Single by Samantha McClymont
- A-side: "Cookin' in my Kitchen"
- B-side: "Heart of a Man"
- Released: 18 July 2005
- Recorded: Ramrod Studios
- Genre: Country pop
- Label: ABC Music
- Songwriter(s): Brooke McClymont, Rick Price
- Producer(s): Herm Kovac

= Cookin' in my Kitchen =

"Cookin' in my Kitchen" is the first single, released in 2005, by Australian country music singer Samantha McClymont. She has not released further solo material since joining her sisters to form The McClymonts.

==Background==
McClymont won the Star Maker award at the 2005 Tamworth Country Music Festival. Her prize included a recording session at Ramrod Studios, production and distribution of a CD through the ABC Music label of the two tracks recorded and a video clip of one of the songs. "Cookin' in my Kitchen" (b/w the self-penned "Heart of a Man") was the resulting single.

==Charts and awards==
"Cookin' in my Kitchen" reached Number 3 on the Australian country music chart in 2005.

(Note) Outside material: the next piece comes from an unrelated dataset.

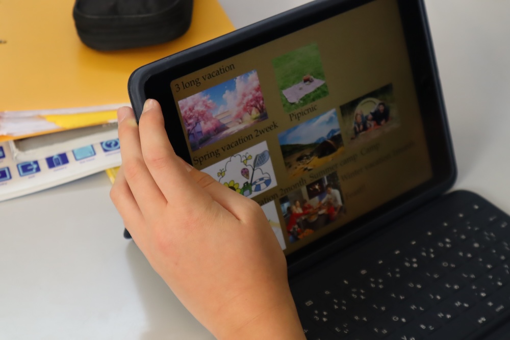 図書室に豪華な椅子があります。思わず「よっ、社長!」と言ってしまいましたが、座っているのは英語の発表資料を作っていた1年生の生徒でした。iPadを駆使した学びの成果を見せてもらい、他の生徒も集まってくる様子は、まさに高め合う学びの姿。今年度中のIB認定に向けて、瓜中生の学びは熱いです。

"Heart of a Man", with a stronger country music sound, went on to reach Number 1 in 2006, remaining on the chart for 17 weeks.

At the 2006 Country Music Awards of Australia, "Cookin' in my Kitchen" won the award of New Talent of the Year for McClymont.

"Heart of a Man" also earned McClymont a nomination for Female Vocalist of the Year at the same awards.